Do you have a price for the lease yet?


----------



## Fresh2Salt (May 21, 2004)

*I sent you an email...*

If you get a chance you can email me back at [email protected]

Regards,
James


----------



## mudcat (Apr 22, 2005)

you have a pm


----------



## Mexico Hunter (May 4, 2005)

I think he has several PM's......


----------



## DONTHATE (Apr 12, 2005)

Here Is The Posting For The Question Everyone Seems To Be Asking. I Am Asking $2,000.00 For The Season. You Would Be Able To Start Feeding As Soon As The Payment Is Made. Sorry For The Late Reply I Have Been Out Of Town.


----------



## Buck Master (Oct 19, 2004)

I'm sorry fella, that is ludicrous. You have to be kidding me? :headknock

In Rancho Encino....dude...that's a subdivision.


----------



## Whitecrow (May 26, 2004)

What BorderBandit said. I was wondering if he was selling or leasing for $67/ac. For rough camping? Wow.


----------



## expressfish (Jun 8, 2004)

*Hmm?*

??????? OOO kay----nevermind, uhhh thanks anyway.


----------



## Mexico Hunter (May 4, 2005)

Man! I pay that for 6000 acres with facilities, but did loose a Jeep last week.


----------



## TXPalerider (May 21, 2004)

Mexico Hunter said:


> Man! I pay that for 6000 acres with facilities, but did loose a Jeep last week.

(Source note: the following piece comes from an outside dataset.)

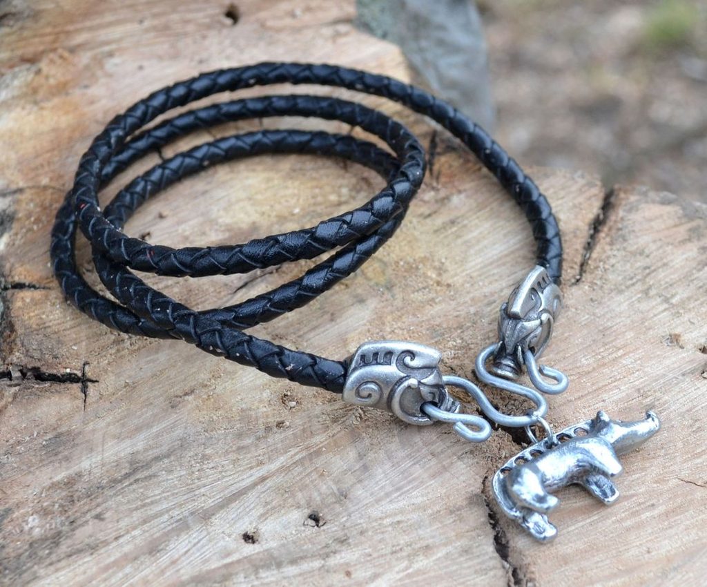CELTIC BOAR Necklace with Leather Bolo Replica. The Boar Pendant is a replicka of a boar figure found in Tabor, Bohemia, the Czech Rep, from the period of La Tene culture. Leather bolo with boar head terminals are included.
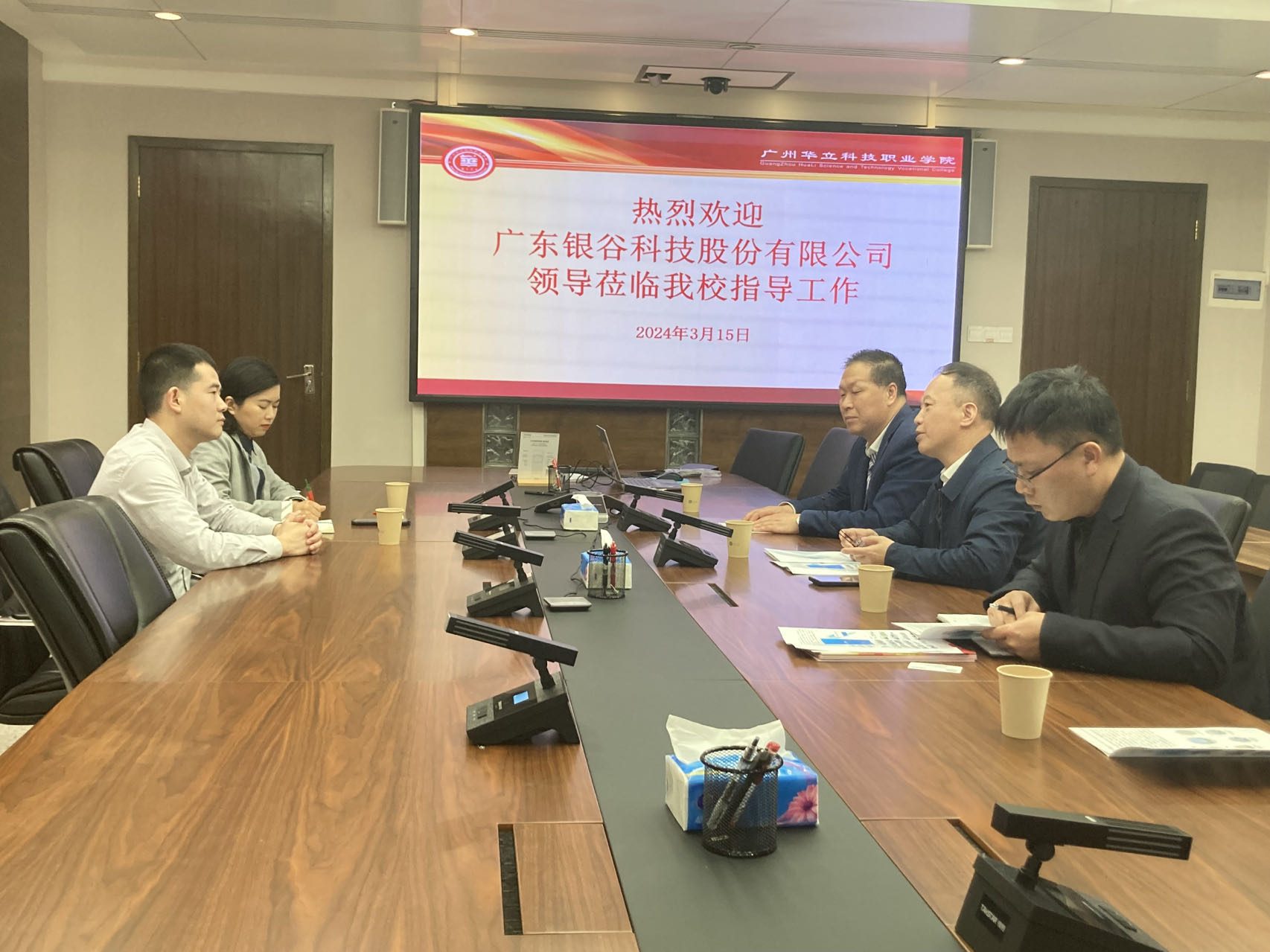 3月16日下午,學(xué)校邀請“廣東銀谷科技股份有限公司”領(lǐng)導(dǎo)來校洽談校企合作。學(xué)校黨委書記陳良生、產(chǎn)教融合辦科長韋建林、電力與智能制造學(xué)院院長褚玉峰、就業(yè)主任楊軍等人參加了會議。

ROFL!!! I guess that's the price you pay on those discount ranches.


----------



## Mexico Hunter (May 4, 2005)

Not laughing on this side about loosing the Jeep, it could happen anywhere. But that doesn't make it any better. When I hunted in Texas we had stuff broken into all the time.

The price for 2 guns is $2k each for 30 acres or a total of $133.33 per acre. And the ranch is high fenced on 1 side. Remember, part of that 30 acres is the primative camping area. Also, don't forget about the fence line barrier they passed, what is that 100yards? You probably have 20 acres for 2 people to hunt. Now that is something worth ROFL!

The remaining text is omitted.